Dikatakan Wendy, lokasi pemungutan uang tarif masuk yang dilakukan para oknum tidak bertanggungjawab tersebut, masih berada di areal PT BMB. Karena areal jalan tersebut sudah digantirugi dan dilepaskan kepada PT BMB sejak Tahun 2013 lalu. Tindakan pungli ini, menurutnya jelas sangat merugikan pihak pengusaha yang berinvestasi di Gumas.

“Pemerintah dan aparat penegak hukum harus mengambil tindakan tegas atas masalah ini. Sebagaimaan amanat Presiden Jokowi mengenai perlindungan investasi” sebut Wendy.

Disisi lain lanjutnya, PT BMB sendiri sudah memberikan banyak manfaat positif untuk masyarakat. Khususnya dalam memberikan lapangan pekerjaan kepada masyarakat lokal di sekitar areal perusahaan. Termasuk peningkatan ekonomi bagi masyarakat setempat.

“Pemerintah sudah melihat bagaimana PT BMB memajukan daerah dengan merekrut tenaga kerja lokal.

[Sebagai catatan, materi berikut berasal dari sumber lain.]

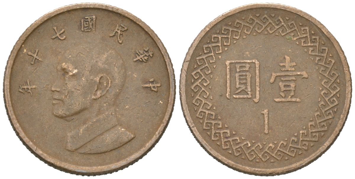 ----Тайвань 1 доллар 1981 год 70, Чан Кайши Y 551 алюминиевая бронза 4617-1049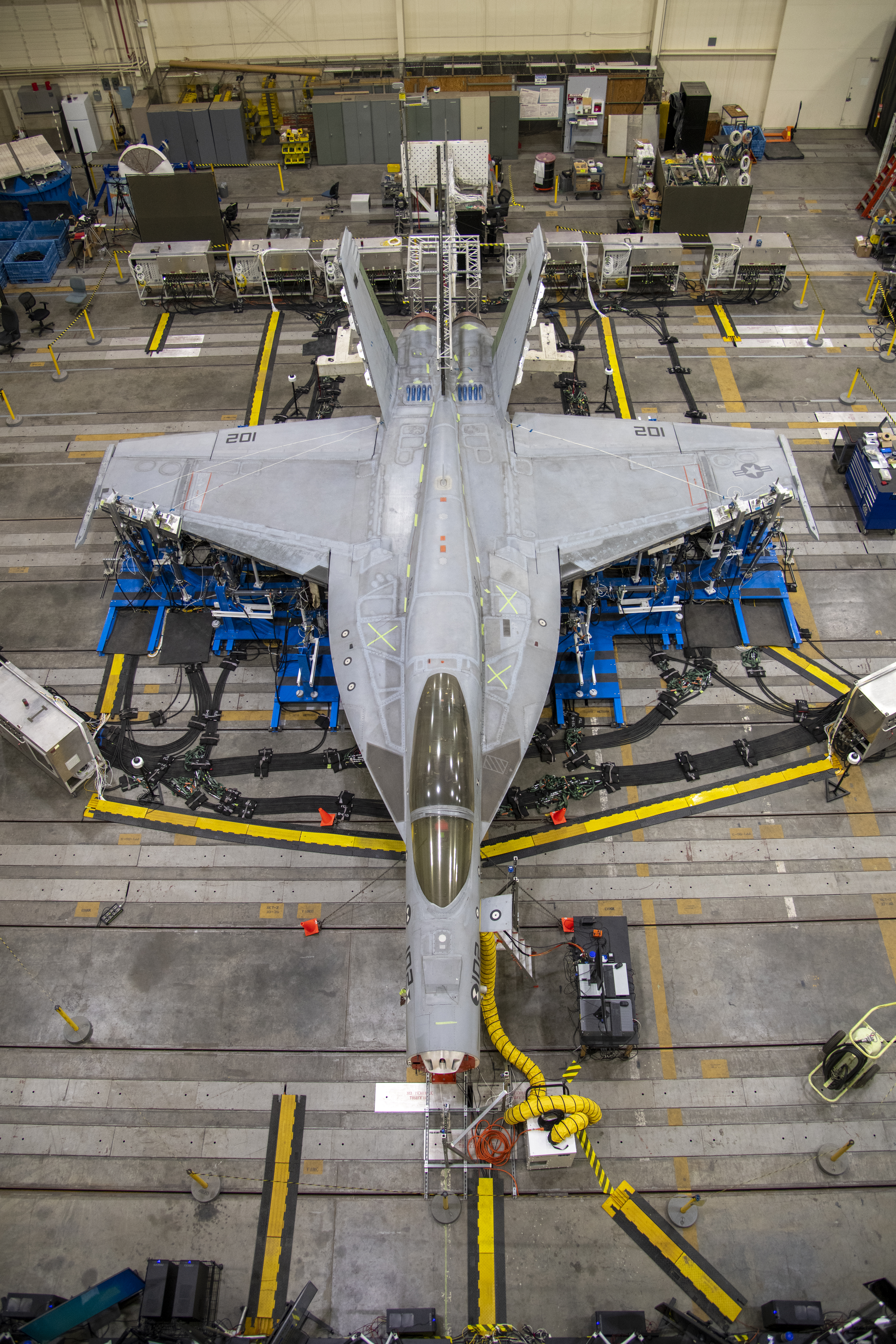 NASA’s Armstrong Flight Research Center Flight Loads Laboratory in Edwards, California, is working on one of its biggest load calibrations tests on an F/A-18E Super Hornet from the Naval Air Systems Command (NAVAIR) in Patuxent River, Maryland. This testing is needed before the aircraft can serve as a test vehicle for determining if it can safely manage maneuvers and proposed upgrades. This is a view of the test setup for the wing loads testing that is set to begin in December 2021.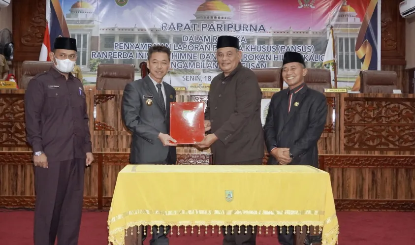Usai mendengarkan hasil laporan Pansus, Wakil Ketua DPRD Abdullah membacakan draf keputusan untuk meminta persetujuan anggota DPRD Rohil secara lisan. Secara serentak, anggota DPRD Rohil menyatakan setuju terhadap Ranperda tersebut.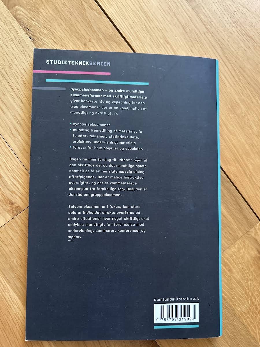 "Synopsiseksamen og andre mundtlige eksamensformer med skriftligt materiale" byder på konkrete råd og vejledning til eksamensformer, der kombinerer mundtlig og skriftlig præsentation. Bogen fokuserer på, hvordan du bedst forbereder og gennemfører synopsiseksamener samt andre eksamener, hvor du både skal fremstille et skriftligt materiale og levere en mundtlig præsentation. Forfatterne Helle Hvass og Peter Stray Jørgensen giver praktiske forslag til udformningen af den skriftlige del og til opbygningen af det mundtlige oplæg. Gennem overskuelige oversigter og kommenterede eksempler fra forskellige fagområder fremhæver de, hvordan man skaber en konstruktiv dialog gennem hele eksamensforløbet – også med henblik på gruppeeksamen.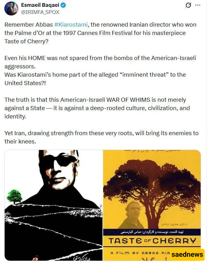 SAEDNEWS: Esmaeil Baghaei, spokesperson for the Ministry of Foreign Affairs, said: “Even Abbas Kiarostami’s home was not spared from the bombs dropped by U.S.-Israeli aggressors. Was Kiarostami’s home also part of the so-called ‘imminent threat’ against America?”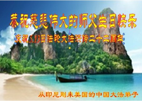 从印度尼西亚刚来美国的中国大法弟子恭祝慈悲伟大的师父生日快乐!庆祝大法洪传22周年!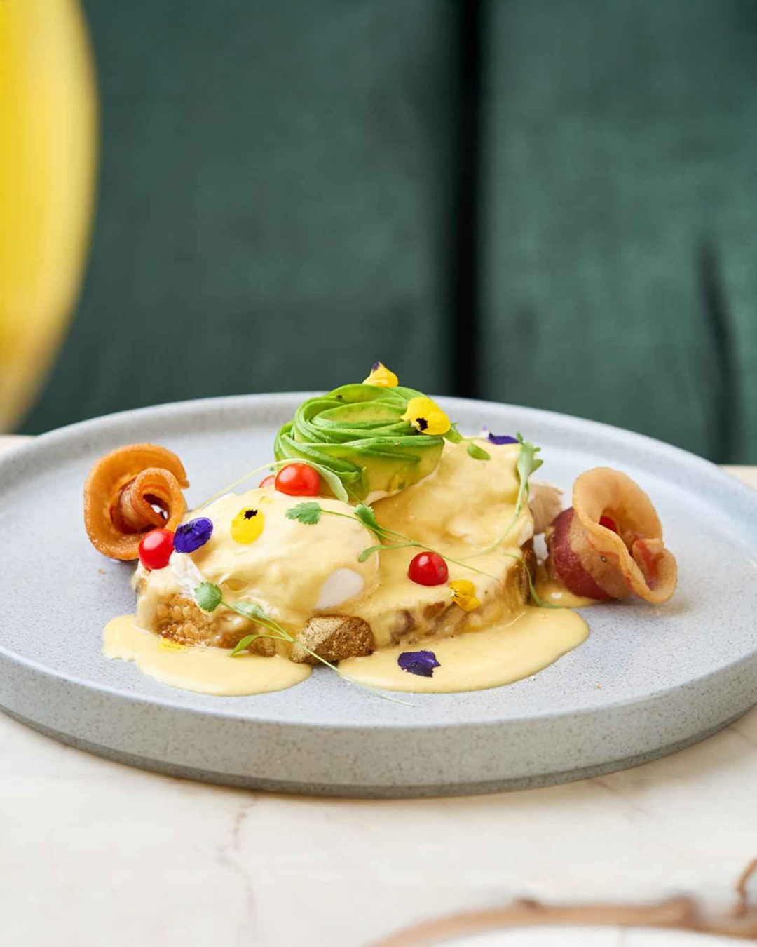 Pan de masa madre y tres opciones de huevo para escoger (Poché, frito o revuelto) tocineta y aguacate.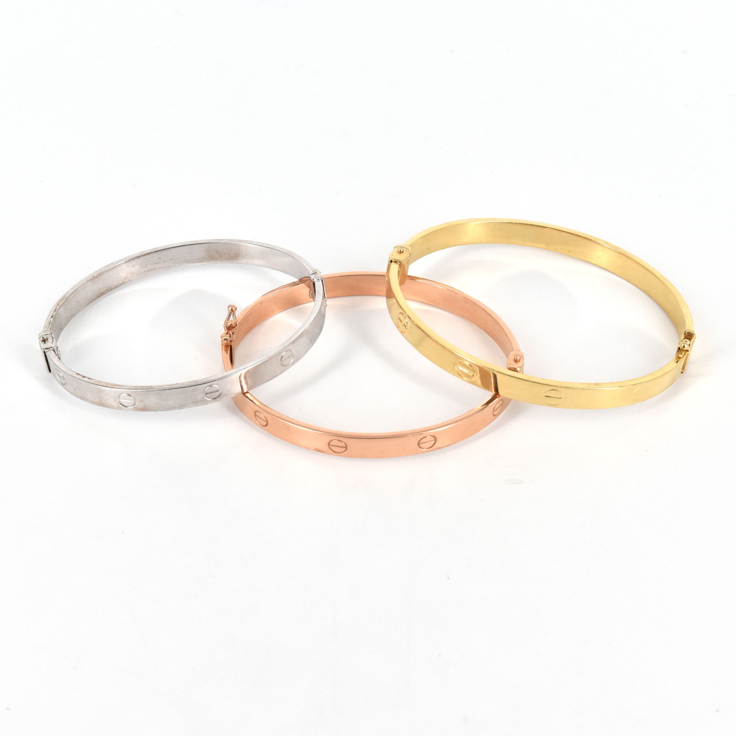 3 bracelets rigides en or 3 couleurs 14 ct (bosselés) - 27.3 g (5.8 x 5 cm x 3)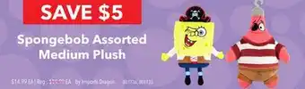 Spongebob Assorted Medium Plush offer at GameStop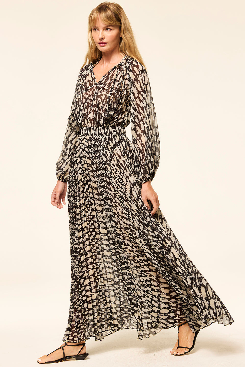 Ilona is a flowing maxi skirt cut from our pleated black and white Abstract Geo chiffon. Featuring a flat band waist with elasticated back. Double lined with a slightly staggered hem. Pair with the coordinating Rissa top for an effortless bohemian-inspired set.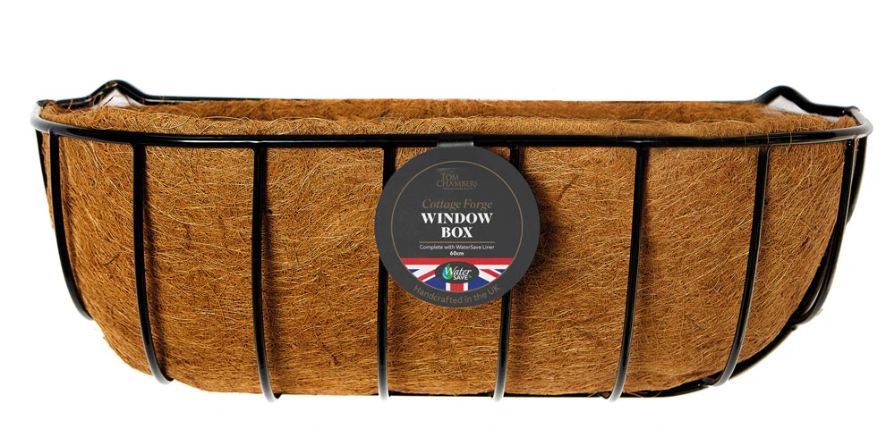 This Cottage Forge 60cm window box is handcrafted from heavy-duty steel, perfect for adding a touch of colour to your garden. Heavy duty and deep basket ensure that plants will grow better. Classic timeless design black coated in PVC weather resistant finish. Innovative coco fibre liner with Water Save layer. Integral overspill prevents root saturation.
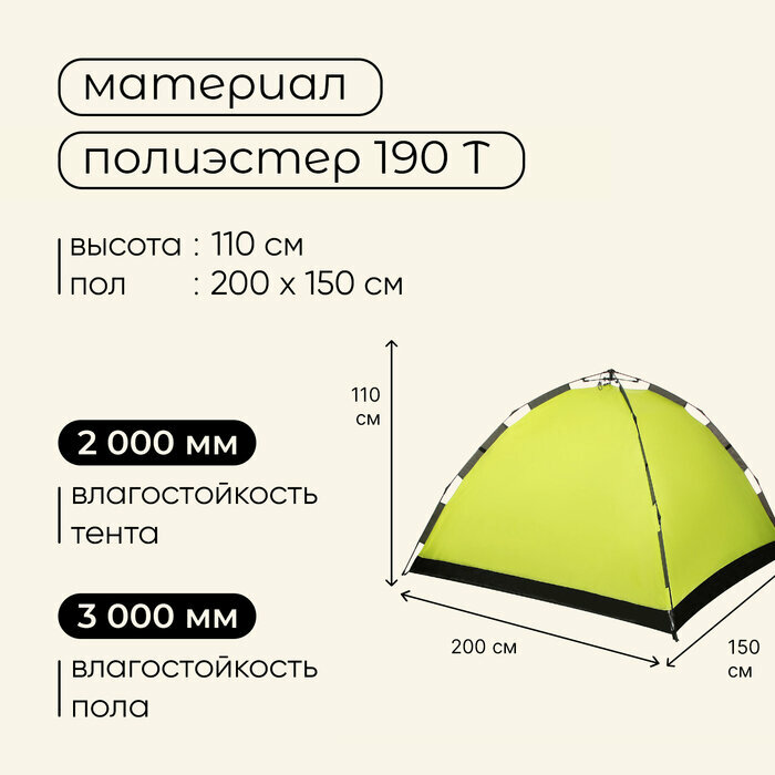 Палатка-автомат туристическая SWIFT 2, размер 200 х 150 х 110 см, 2-местная, однослойная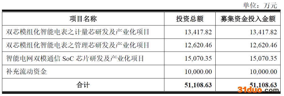 此次IPO,钜泉光电发行不超过1440万股,拟募资5.11亿元。其中,双芯模组化智能电表之计量芯研发及产业化项目拟投入1.34亿元、双芯模组化智能电表之管理芯研发及产业化项目1.26亿元、智能电网双模通信SoC 芯片研发及产业化项目1.5亿元。
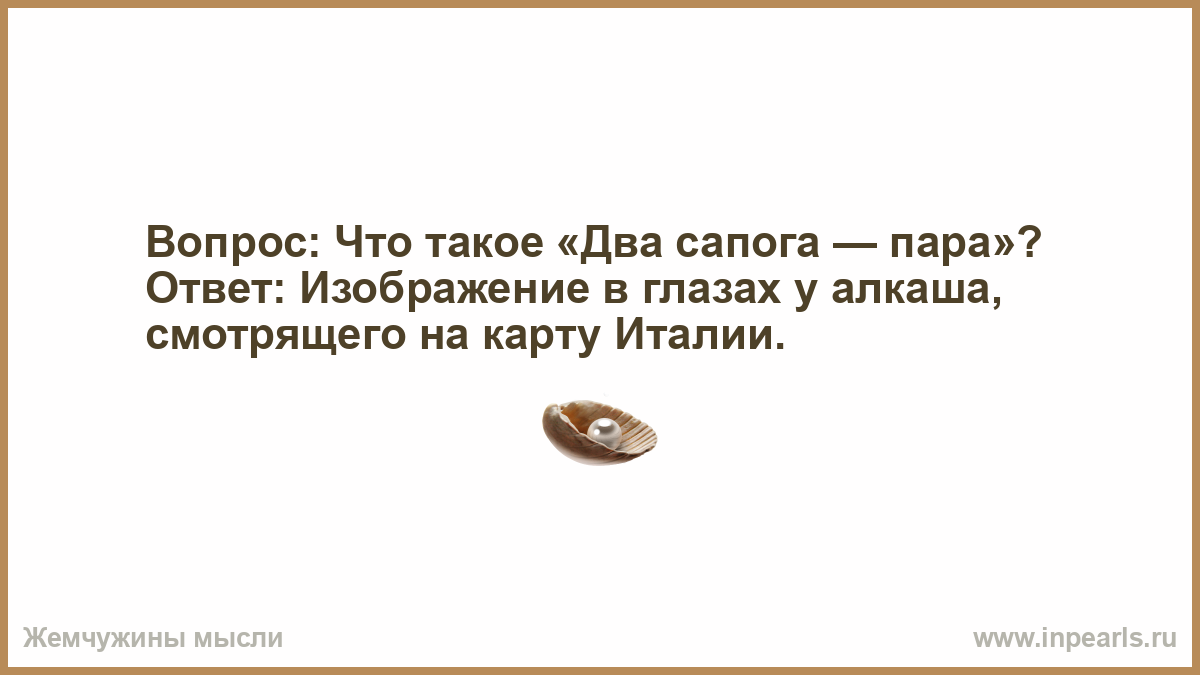 Вопрос: Что такое «Два сапога — пара»? Ответ: Изображение в глазах у алкаша, смотрящего на карту Италии.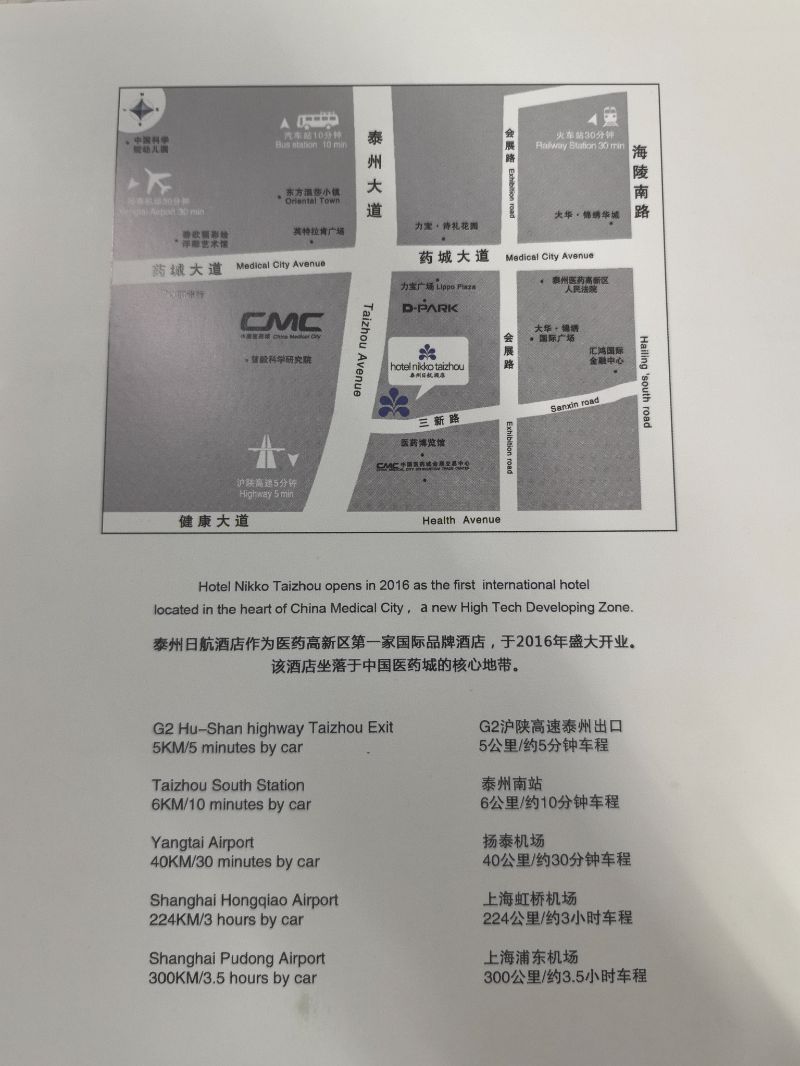 泰州日航酒店地处江苏省泰州市国内首个国家级医药高新区,是进驻泰州医药城的第一家国际品牌酒店。总建筑面积37,580平方米,地上18层、地下1层,拥有含皇家套房、总统套房、公寓房等9种房型在内的200个房间,可以满足国际交流、商务活动、家庭出游等不同消费群体的各种需求。餐饮区有塞丽娜咖啡厅(全日制餐厅)、桃李中餐厅、弁慶日餐厅和大堂吧等4种不同风味的餐厅和酒吧。无柱式多功能宴会厅,8个会议室,以及健身中心、室内恒温游泳池等设施设备为宾客提供全方位的服务。泰州日航酒店是大仓日航酒店管理公司在中国运营的第十二家五星级酒店,由泰州通泰投资有限公司投资建设,由大仓日航酒店管理公司管理运营,位于泰州市医药高新区中国医药城中心部位。该区总规划面积30平方公里,由科学研发区、健康医疗区、教育教学区、综合附带设施区等功能区构成,已有国内外著名大学、医药研发机构,以及众多著名企业进驻。泰州日航酒店毗邻医药会展交易中心,地处数据产业园区,距梅兰芳纪念馆仅20分钟车程,10分钟能抵达泰州南站,距沪陕高速5分钟、扬泰机场30分钟、上海虹桥机场3小时,所处位置交通顺畅,出行便利。

Jadi keamanan untuk menjalankan investasi juga harus dapat diberikan, agar pihak perusahaan tidak merasa diintimidasi dengan tindakan premanisme oleh sejumlah orang yang tidak bertanggungjawab” pungkas Wendy.

Dikatakannya juga, aktivitas dugaan pungli tersebut tidak hanya merugikan pihak PT BMB. Namun, masyarakat sekitar yang juga memiliki kebun juga merasakan kerugian karena harus membayar pungutan tersebut agar dapat melintas.

Sementara itu, Sugiman selaku Manager Pabrik PT BMB mengaku pihaknya sangat keberatan atas tindakan oknum tidak bertanggungjawab yang melakukan pungli tersebut. Termasuk, pihaknya sendiri merasa dirugikan atas adanya pungutan masyarakat tersebut.

“Ini berpengaruh pada kepercayaan masyarakat, baik yang memasukan buah maupun mengambil CPO. Pungutan ini dilakukan para oknum tersebut setiap hari” jelasnya.

Sugiman juga mengatakan, pihak perusahaan sudah melaporkan permasalahan tersebut ke pihak Polres setempat. Namun lanjutnya, belum ada tindaklanjut atas laporan yang dilakukan pihaknya.

“Harapan kami, pihak terkait dapat segera bertindak dalam menertibkan dan mengatasi masalah ini” harapnya.

Sementara itu, Kasat Reskrim Polres Gunung Mas (Gumas), AKP Jhon Digul Manra saat dikonfirmasi membenarkan adanya laporan dugaan pungli tersebut. Saat ini pihaknya sedang mendalami laporan tersebut.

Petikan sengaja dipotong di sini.